AI Augments Infrastructure Management
Engineers now review and refine AI output instead of laboring over every line. The next phase will see model-driven automation where architecture diagrams spawn requirements, trigger AI agents that scaffold code, and enforce rules from clean architecture principles and well-architected frameworks.
Rethinking Teams
As AI handles repetitive tasks, roles will polarize:
- Generalists orchestrate AI tools, maintain architecture, and align cross-team workflows
- Specialists exist in SRE, multi-cloud resilience, disaster recovery, ML systems, or distributed diagnostics
- Custodian platform teams maintain the ecosystem—tools, modules, and policy-as-code—that everyone builds upon
Final Thoughts
Platform engineering evolved from DevOps, but it may be solving the wrong problem. While we've been building better platforms for developers to use, AI is poised to eliminate the need for platforms altogether.

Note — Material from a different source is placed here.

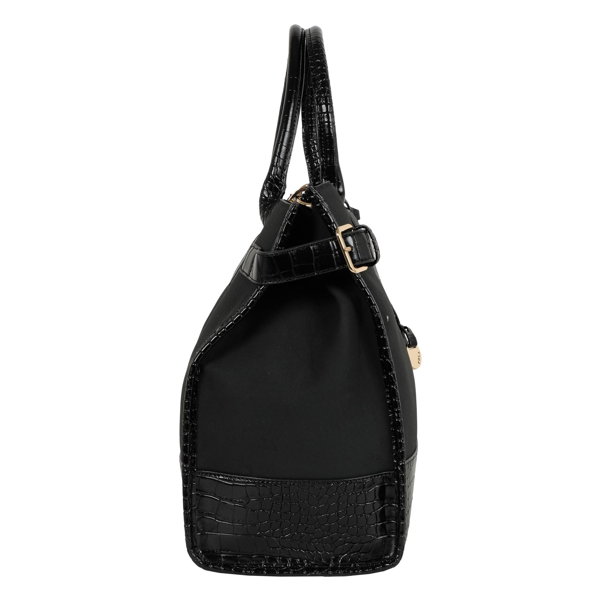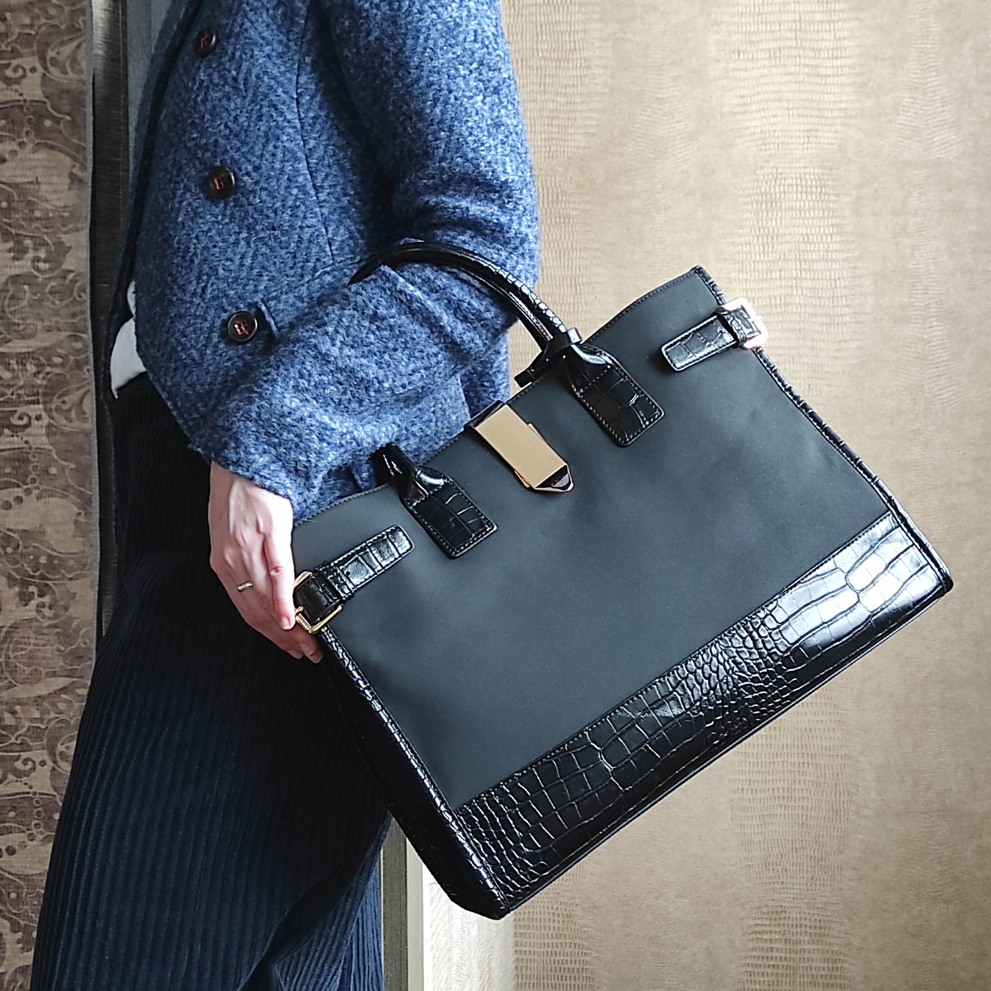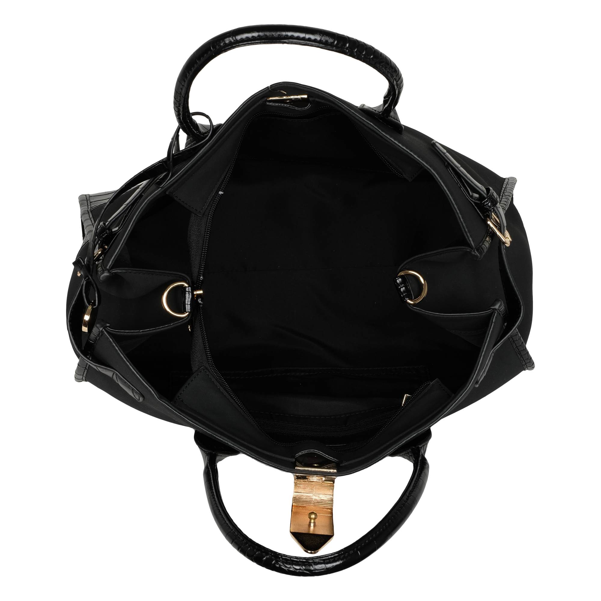 Стильная классическая сумка фирмы Pola выполнена из экокожи с выделкой под нубук предназначена для повседневного использования. Черный цвет модели поддержит любой образ. Сумка хорошо держит форму, поэтому документы А4 не помнутся. Закрывается основное отделение на металлическую защелку и молнию. Внутри два кармана на молнии и два небольших открытых кармашка. Высота ручек 14 см и тонкий, съемный, регулируемый ремешок, длина которого 120 см. Цвет фурнитуры-золото.
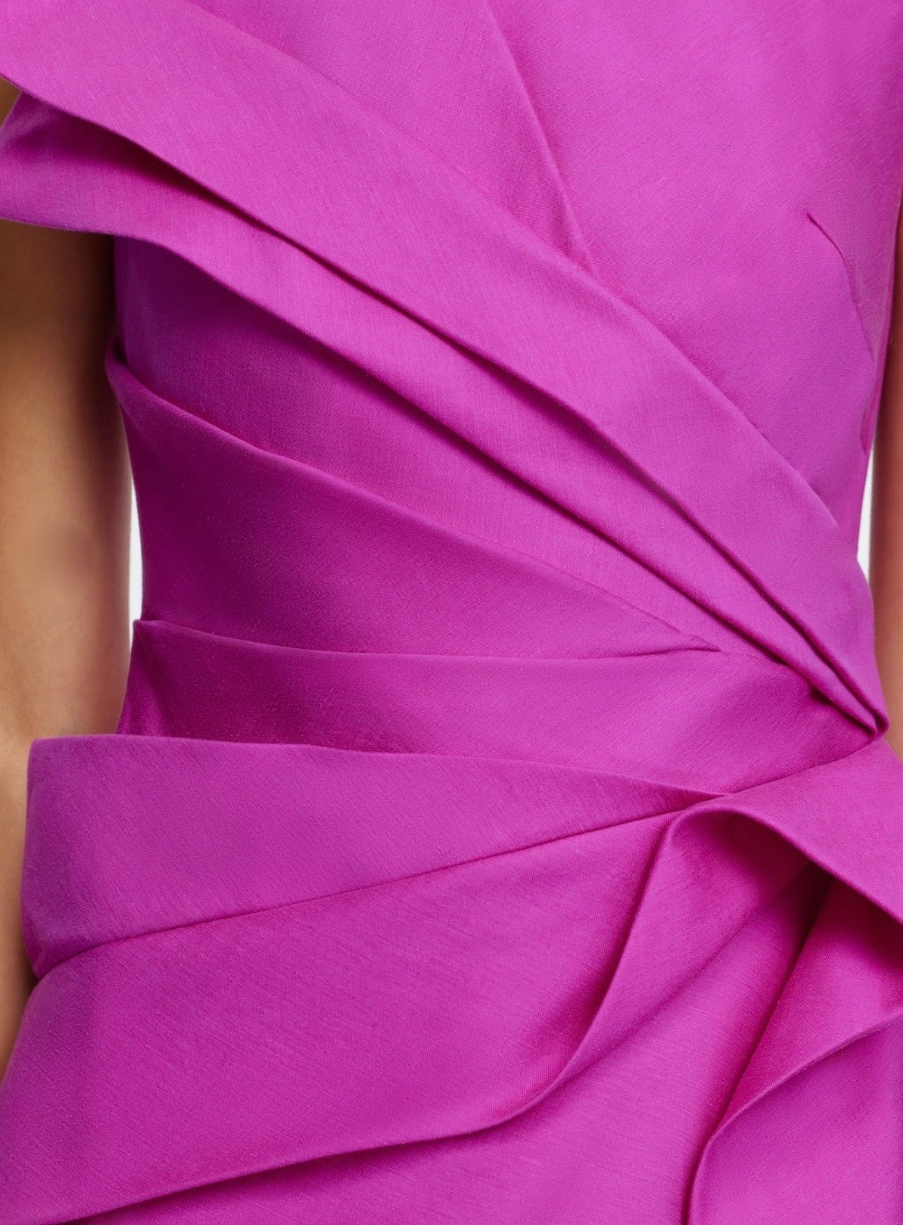 The Kenley Mini Dress in Amethyst is a sculptural silhouette designed in textured slub fabric. Featuring a sleeveless design, this mini dress showcases structured panel detailing through the bodice and skirt for a flattering fit. A back zip closure ensures ease of wear, while full lining provides a smooth silhouette.

The real question isn't how to make platform engineering indispensable—it's whether platform engineering should exist at all. Why create specialized teams to build internal platforms when AI can empower developers to handle infrastructure directly? The future points toward AI-native tooling that makes infrastructure as intuitive as writing application code.
Enabling reliable deployments, secure environments, and coherent architecture is vital work. But instead of centralizing this through platform teams, we're moving toward AI-augmented developers who can generate infrastructure-as-code, configure CI/CD pipelines, and manage operational concerns through intelligent automation.
The writing is on the wall: every layer of abstraction AI eliminates makes Platform Engineering less necessary. Organizations are already questioning the ROI of large platform teams when AI tools can provide similar outcomes at a fraction of the cost and complexity.
The future isn't about improving Platform Engineering tooling and processes—it's about making it obsolete through AI-powered developer self-service. In my opinion, the question isn't whether this will happen, but how quickly we'll get there.